For a long time, design had been accorded lesser importance in the brand-building exercise while the other elements of marketing enjoyed the glory. With time, as marketeers have recognized the true power of design, the industry has seen good growth.
Moreover, the on-going pandemic and the rapid digital transformation have provided design agencies with the right kind of opportunity to use their skills in dealing with the crisis. Of late, brands brands have shown enthusiasm to play with designs using short-term tactical ideas like tweaking the logos or glamorizing their packaging, etc, as traditional approach of branding has lost some of its sheen.

Besides, in a digital-first world where a lot of interactions are happening online, grabbing the attention at the first go becomes extremely important for brands. Design now plays a critical role in brand building and accentuating its proposition more than ever before.
On the power of design and the challenges that the industry had to face earlier, Ashwini Deshpande Co-founder & Director, Elephant Design, says, “Elephant was born when the Indian marketing fraternity was not even aware of ‘design’ as an independent expertise, besides the ‘art’ part of advertising. It has been a long journey of educating brand owners and marketeers about the immense power of good design, especially relevant for India. I am glad to see the fraternity growing. That is perhaps the only way to demonstrate transformational capabilities of a good design.”
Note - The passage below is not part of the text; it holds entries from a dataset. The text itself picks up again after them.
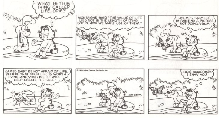 For a strip that most people consider anti-intellectual fluff, Garfield pondered the meaning of life a lot in the early years. I think he nailed it when he said, "Life is like a Porsche. It goes too fast, but that's okay, because you can't afford it anyway."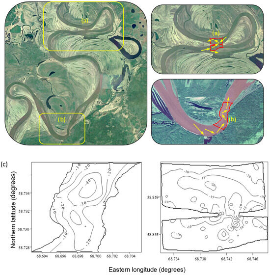 Location of the studied areas of wintering riverbed depressions in the Lower Irtysh: (a) Ukinskaya; (b) Gornoslinkinskaya. The red outline schematically shows the boundaries of the studied water areas; arrows schematically indicate the direction of the current. (c) Relief map of the bottom surface of the deep-water part of the Gornoslinkinskaya (left) and Ukinskaya (right) wintering riverbed depressions during the flood period.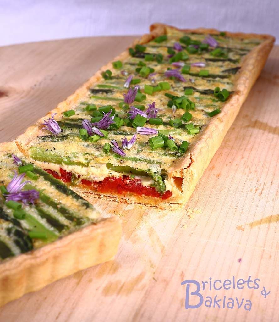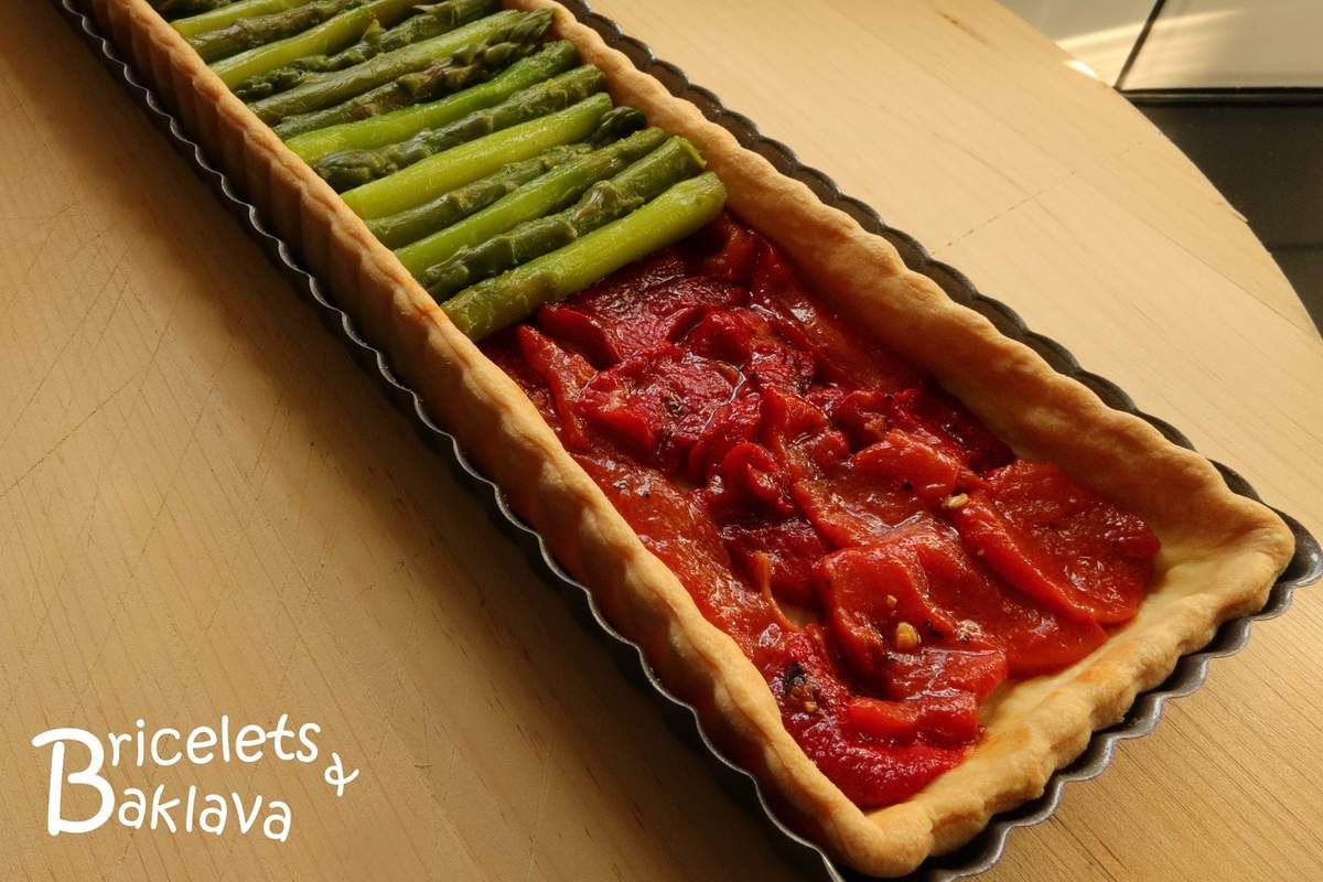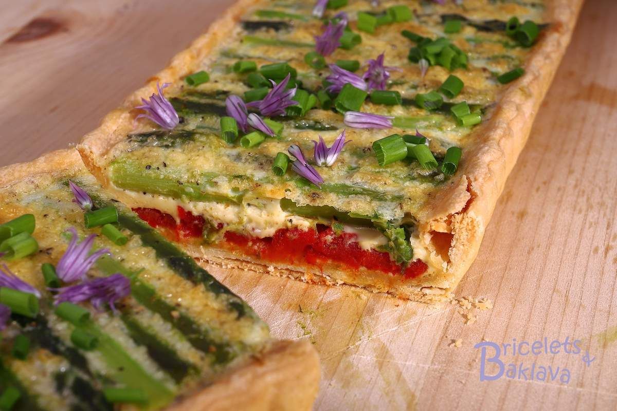 La tarte rouge aux asperges vertes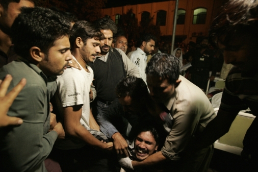 Pakistani police said they were investigating the attack and a doctor said up to 70 people had been wounded.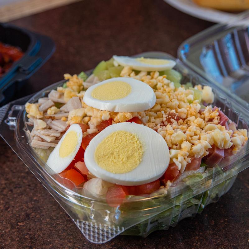 Fresh mixed greens, cherry tomatoes, red onions, banana peppers, black olives, chick peas/garbanzo beans, parmesan cheese, mozzarella and muenster cheese mix, salami, ham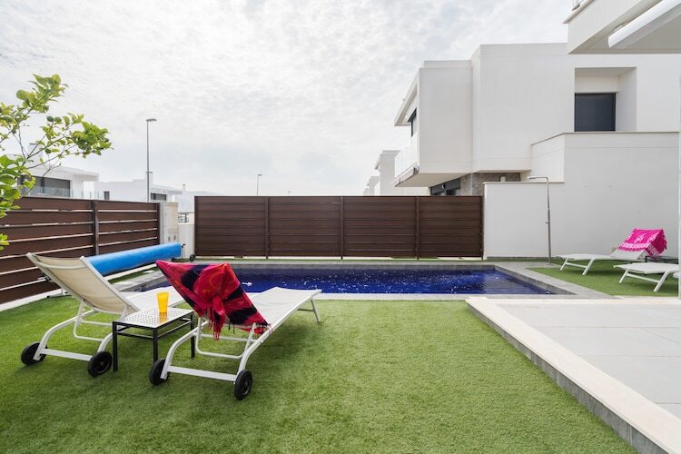Cette villa moderne à Orihuela offre un séjour chaleureux avec sa piscine privée et sa terrasse ensoleillée, idéale pour se détendre en famille ou entre amis. Pouvant accueillir jusqu'à huit personnes, la maison dispose d'un salon lumineux, de la climatisation et d'une cuisine bien équipée, idéale pour les repas partagés et un confort optimal. Un jardin avec terrasse vous permettra de profiter du grand air, tandis que vous pourrez dîner en terrasse le soir.

Evolution through the pandemic
Immunity, hygiene, wellness, personal-care were among the factors leading to design innovations and launches last year. Tweaking the app icons or making aesthetic changes in packaging with masks or campaign logos to encourage safe practices are some steps brands and design agencies took in the last 13-14 months to keep up with the changing consumer sentiments in the light of the pandemic. Also, one can hardly ignore their renewed focus on sustainability to reduce carbon footprint.
“Designers are trained to navigate through uncertain results. They are used to exploring, experimenting and even facing failures. That is the only way to come up with something new or innovative,” says Deshpande. “As devastating as it was, the pandemic gave designers the opportunity to use their skills for dealing with uncertainty. Essentialism emerged as a strong trend, and brands that could spot the diversity of roles it needed to play in the lives of consumers managed to stay afloat with the help of user-focused design thinking.”
Geet Nazir, Managing Partner, Conran Design Group, stresses on design’s ability to humanise interactions. Brands have begun to recognize the impact that design can have in the way consumers experience and remember them. “The role of design has further evolved to deliver impactful storytelling on an emotional level, traditionally a role relegated to communications alone. This has become far more critical during the pandemic, where consumers sought solutions to help them navigate an unforeseen circumstance. Overall, we see the needle shift from brands seeking design for aesthetic gains to design thinking becoming an integral part of how brands engineer better value for their customers and greater competitive advantage for themselves.”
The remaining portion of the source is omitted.